§ TO DO
Down to the last line, set down the material below exactly; skip the pictures.

§ SOURCE DATA
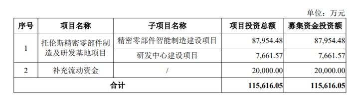 本次IPO,托伦斯本次募集资金投资额11.56亿元,分别用于托伦斯精密零部件制造及研发基地项目和补充流动资金。
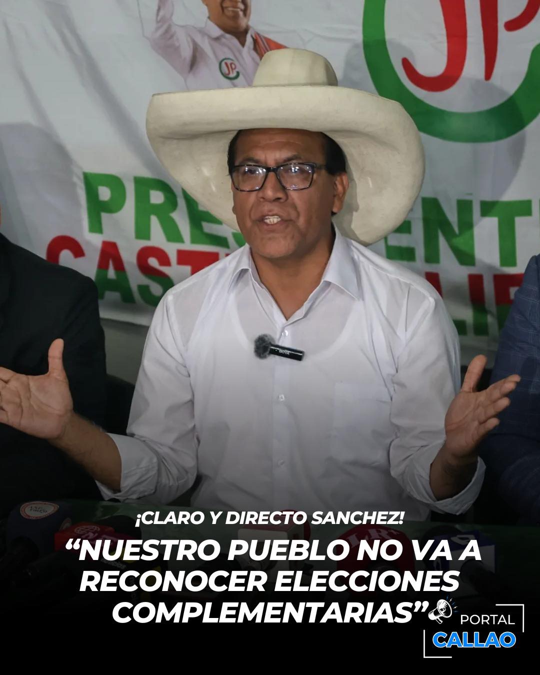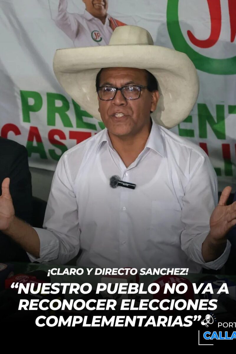 “Todo nuestro pueblo no va a reconocer esas elecciones complementarias porque no son constitucionales, no tienen ninguna razón jurídica ni legal. Por eso, desde aquí, Bambamarca, Cajamarca, con la voz de nuestro hermano presidente Pedro Castillo, con nuestro pueblo, responsabilizamos al Juzgado Nacional de Elecciones. Ellos serán los responsables de esta crisis, porque acá el voto de Cajamarca se respeta”, sostuvo. Durante su intervención, Sánchez aseguró que su agrupación insistirá en la liberación del expresidente Pedro Castillo. El candidato también dijo que ningún proyecto minero avanzará sin consulta previa. En esa línea, fue enfático al referirse al proyecto Conga, al afirmar que “no va”.
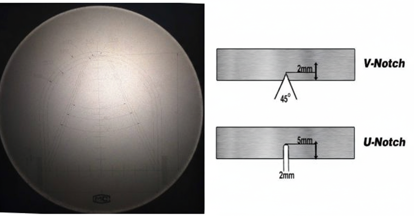 Charpy Specimen Notch Projector EI-CSP50: Precision Notch Verification
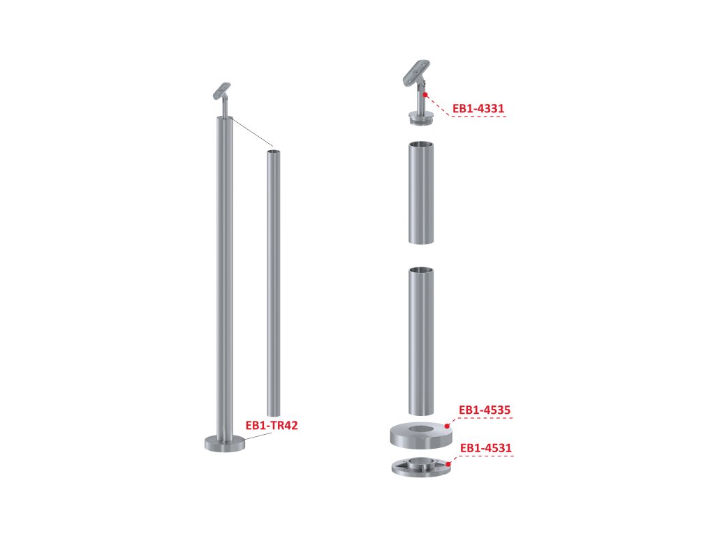 Nerezový sloup, vrchní kotvení, bez výplně, vrch nastavitelný (ø42,4x2 mm), broušená nerez / AISI304Doplňkové parametry

§ RESPONSE TO THE EXERCISE
 本次IPO,托伦斯本次募集资金投资额11.56亿元,分别用于托伦斯精密零部件制造及研发基地项目和补充流动资金。
 “Todo nuestro pueblo no va a reconocer esas elecciones complementarias porque no son constitucionales, no tienen ninguna razón jurídica ni legal. Por eso, desde aquí, Bambamarca, Cajamarca, con la voz de nuestro hermano presidente Pedro Castillo, con nuestro pueblo, responsabilizamos al Juzgado Nacional de Elecciones. Ellos serán los responsables de esta crisis, porque acá el voto de Cajamarca se respeta”, sostuvo. Durante su intervención, Sánchez aseguró que su agrupación insistirá en la liberación del expresidente Pedro Castillo. El candidato también dijo que ningún proyecto minero avanzará sin consulta previa. En esa línea, fue enfático al referirse al proyecto Conga, al afirmar que “no va”.
 Charpy Specimen Notch Projector EI-CSP50: Precision Notch Verification
 Nerezový sloup, vrchní kotvení, bez výplně, vrch nastavitelný (ø42,4x2 mm), broušená nerez / AISI304Doplňkové parametry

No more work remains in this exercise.